India’s finance minister is likely to borrow more than originally planned when he presents the budget on February 1, senior aides and officials said, despite counting on revenues from a national sales tax whose launch date is still unknown.


Arun Jaitley is looking at how to fund giveaways to taxpayers and higher public investment to help nurse Asia’s third-largest economy back to health after the government’s shock decision in November to abolish high-value banknotes.


That is raising concern among some economists and investors that the government will take too many fiscal risks.


Yet officials say that, given the choice, they would choose growth sustained by state investment over a fiscal straitjacket.


“Some degree of flexibility on fiscal discipline should not be seen as irresponsible fiscal management,” one senior government official said, requesting anonymity due to the sensitivity of the matter.

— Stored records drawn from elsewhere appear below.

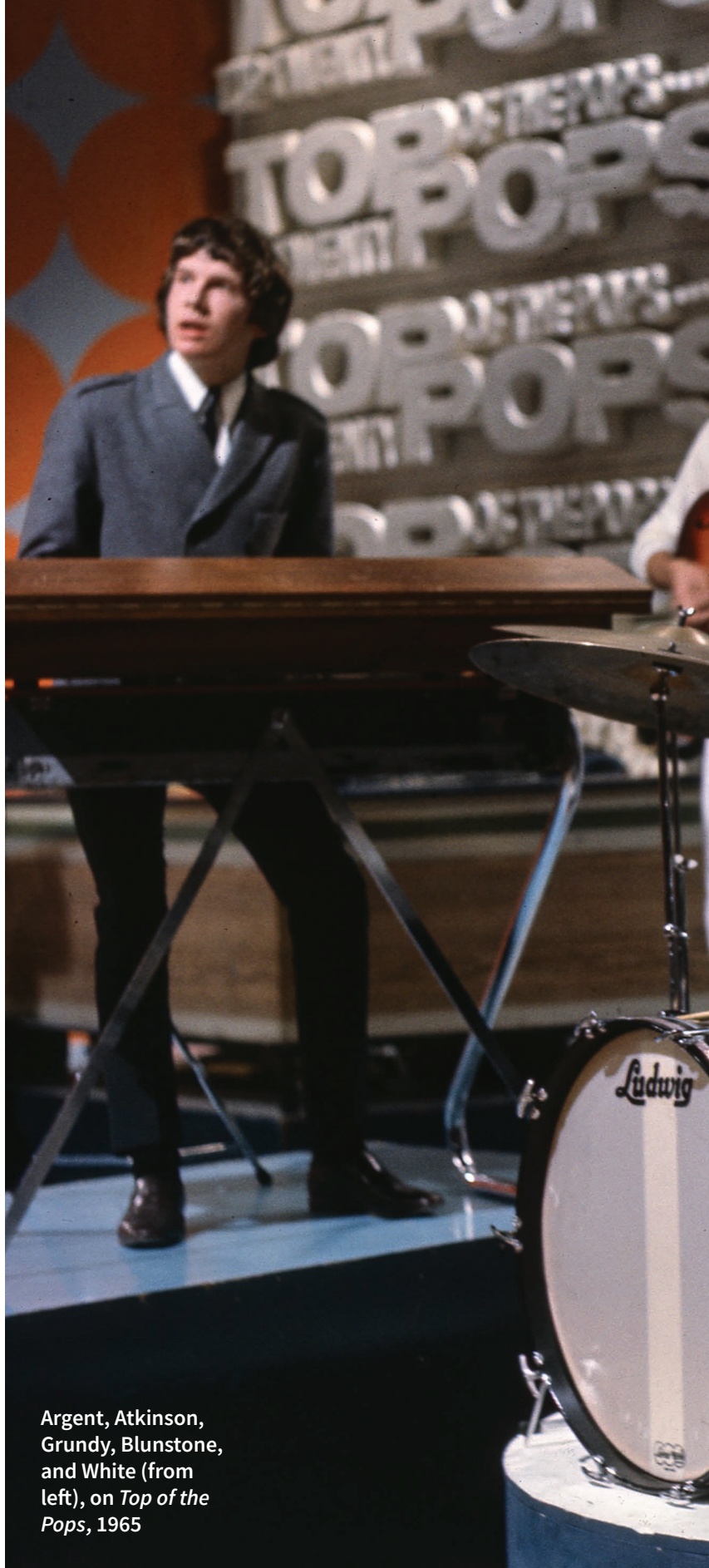
Argent, Atkinson, Grundy, Blunstone, and White (from left), on Top of the Pops , 1965

Inexplicably, despite playing Murray the K's Christmas Show at the Brooklyn Fox, appearing on the first episode of Hullabaloo , and then embarking on a multi-week Dick Clark Caravan of Stars tour, the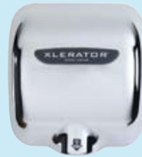
Model XL-C Surface-mounted, Automatic, Chrome Plated Cover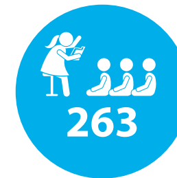
Summer reading challenge starters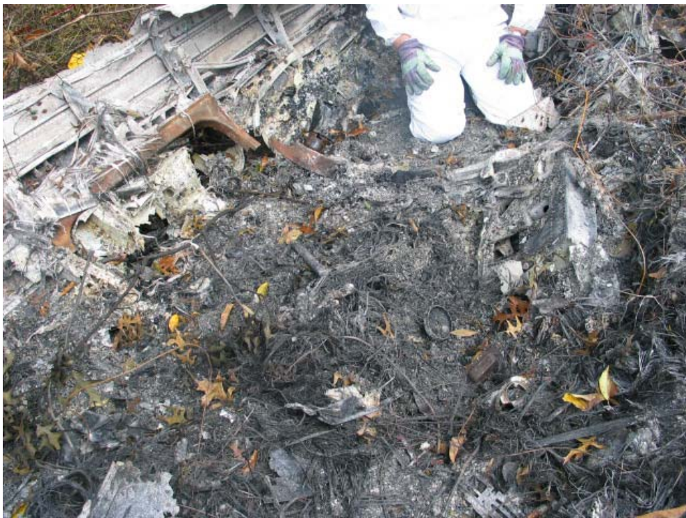
6. View of the aft fuselage and the main entry door that were found resting against the wet ground.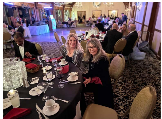
Attendants anticipating the main course.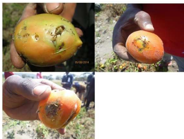
Figure 4. Infested tomato fruits by Tomato leaf minor (TLM)

Temperature above the optimal for banana production (27-38°C) lead to infestation of sucking insects such as mites and aphids, as experienced in Embu County [26].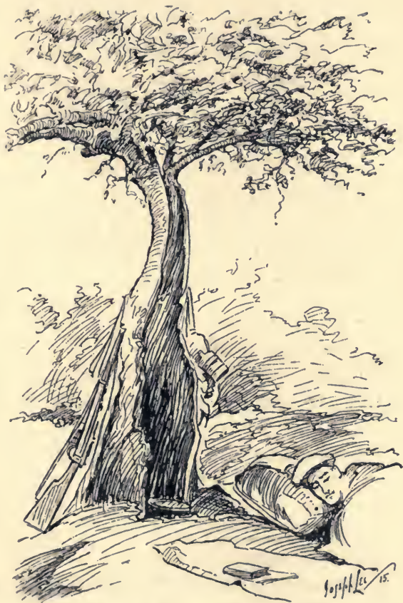
HOLLOW TREE BIVOUAC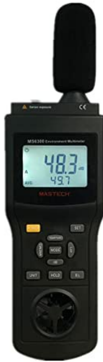
Figure 5.1: The MS6300 display showing temperature readings and an average value, demonstrating the dual display capability.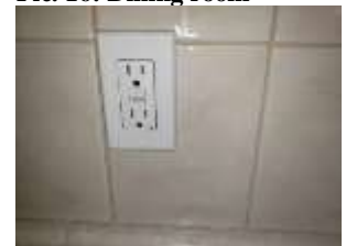
Pic. 20: 15 amp duplex GFCI outlets in kitchen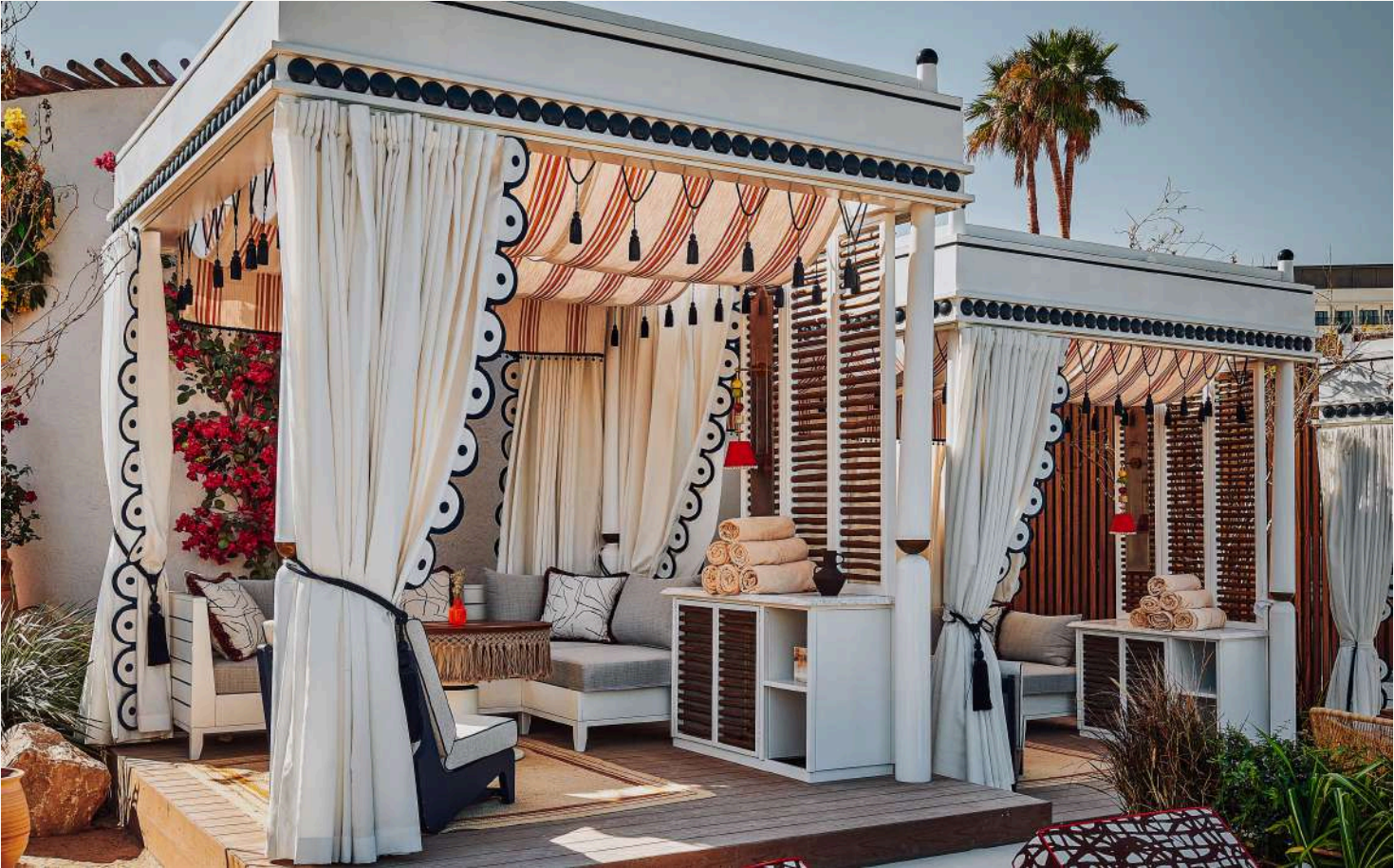
Designed for those who seek both exclusivity and connection with dedicated service catering to every need—whether it is handcrafted cocktails, gourmet bites, or a perfectly chilled bottle of champagne.

A fiscal advisory panel, which includes central bank head Urjit Patel, has advocated widening the budget deficit to “slightly over” 3 per cent of gross domestic product to free up funds for road, railway and irrigation projects.


“It is not possible to keep up the pace of capital expenditure without increasing the fiscal deficit beyond 3 per cent of GDP,” another official, briefed on the committee’s findings, added.


New Delhi earlier aimed to cut the federal deficit to 3 per cent of GDP over the next two fiscal years, compared with 3.5 per cent in the year now drawing to a close.


Independent economists are also pencilling in a higher federal deficit in the coming fiscal year, at 3.3-3.4 per cent of GDP, creating room for the government to invest an extra $6 billion.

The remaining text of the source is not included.